Liu Yuqian, Zhao Chujie, Jiang Yizhou, Fang Ying, Chen Feng
Department of Automation, Tsinghua University, Beijing 100084, China.
LSBDPA Beijing Key Laboratory, Beijing 100084, China.
Biomimetics (Basel). 2024 Jul 6;9(7):413. doi: 10.3390/biomimetics9070413.

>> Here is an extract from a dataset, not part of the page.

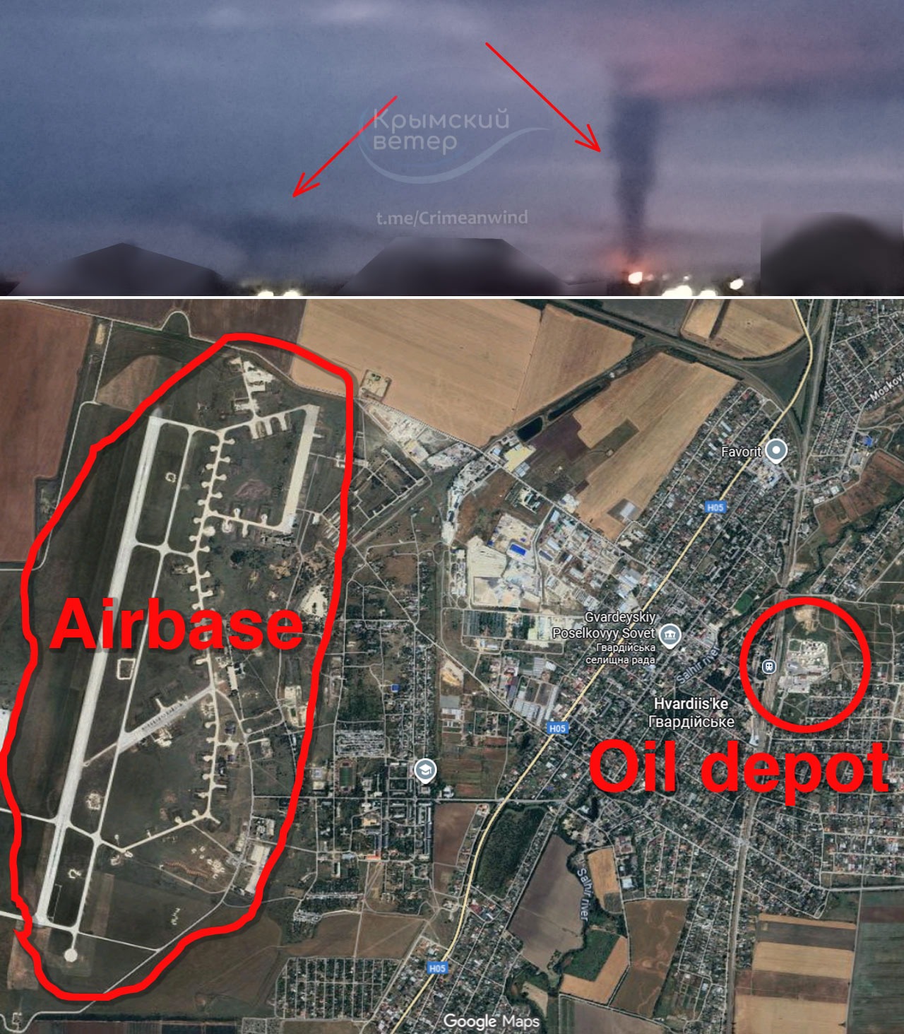 Krymsky Veter later stated, citing messages from its subscribers in Crimea and the available footage, that the second plume of smoke visible near Hvardiiske likely came from an additional strike close to the airbase and Russian garrison west of the settlement. The channel published footage and maps showing the proximity of the burning ATAN depot and the Hvardiiske airfield.

The rise of large-scale Transformers has led to challenges regarding computational costs and energy consumption. In this context, spiking neural networks (SNNs) offer potential solutions due to their energy efficiency and processing speed. However, the inaccuracy of surrogate gradients and feature space quantization pose challenges for directly training deep SNN Transformers. To tackle these challenges, we propose a method (called LDD) to align ANN and SNN features across different abstraction levels in a Transformer network. LDD incorporates structured feature knowledge from ANNs to guide SNN training, ensuring the preservation of crucial information and addressing inaccuracies in surrogate gradients through designing layer-wise distillation losses. The proposed approach outperforms existing methods on the CIFAR10 (96.1%), CIFAR100 (82.3%), and ImageNet (80.9%) datasets, and enables training of the deepest SNN Transformer network using ImageNet.

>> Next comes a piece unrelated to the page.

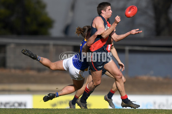 MELBOURNE, AUSTRALIA - AUGUST 01: Nathan Mullenger-McHugh of Coburg handballs during the round 16 VFL match between Coburg and Williamstown at Piranha Park on August 01, 2021 in Melbourne, Australia. (Photo by Morgan Hancock/AFL Photos)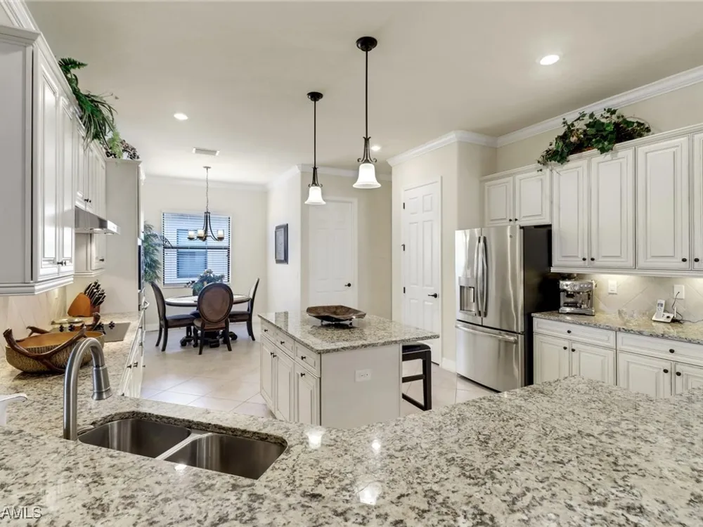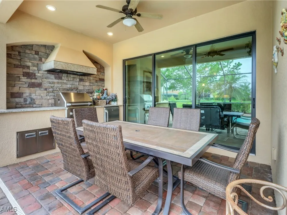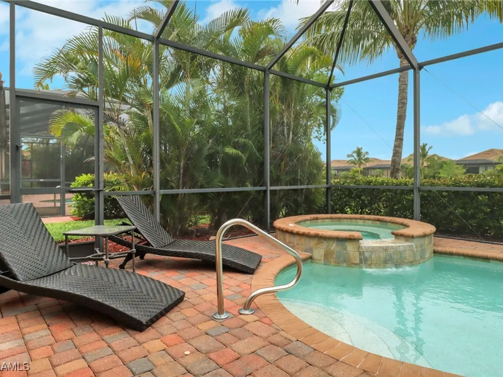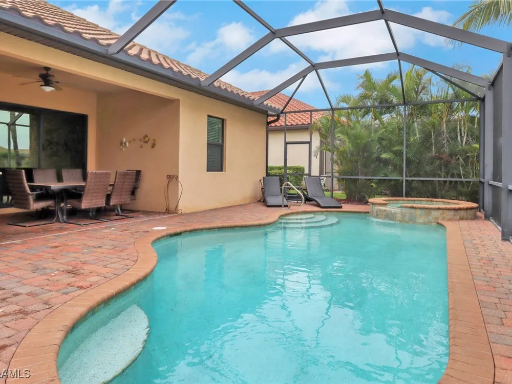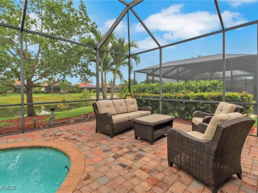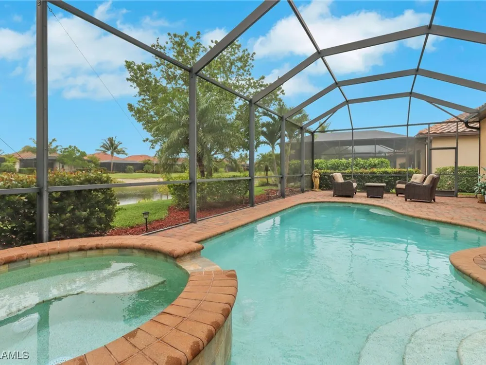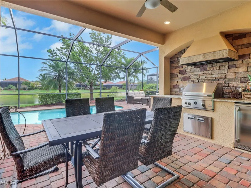 Beautifully maintained Stanford model in Bonita National offering 4 bedrooms, 3 baths, and 2,271 sq ft of open-concept living space. This home features granite countertops, custom cabinetry, stainless steel appliance package, tray ceilings with crown molding, tile flooring in main living & wet areas. Step outside to the screened lanai with a custom outdoor kitchen, heated pool and spa overlooking a tranquil lake. Includes a 3-car garage and full social membership. Enjoy resort-style amenities including a lagoon-style pool, clubhouse dining, fitness center, spa, and tennis.

大规模Transformer的兴起带来了计算成本和能源消耗方面的挑战。在这种背景下,脉冲神经网络(SNN)因其能源效率和处理速度而提供了潜在的解决方案。然而,替代梯度的不准确性和特征空间量化给直接训练深度SNN Transformer带来了挑战。为了应对这些挑战,我们提出了一种方法(称为LDD),以在Transformer网络中跨不同抽象级别对齐人工神经网络(ANN)和SNN的特征。LDD整合了来自ANN的结构化特征知识来指导SNN训练,通过设计逐层蒸馏损失来确保关键信息的保留并解决替代梯度中的不准确性问题。所提出的方法在CIFAR10(96.1%)、CIFAR100(82.3%)和ImageNet(80.9%)数据集上优于现有方法,并能够使用ImageNet训练最深的SNN Transformer网络。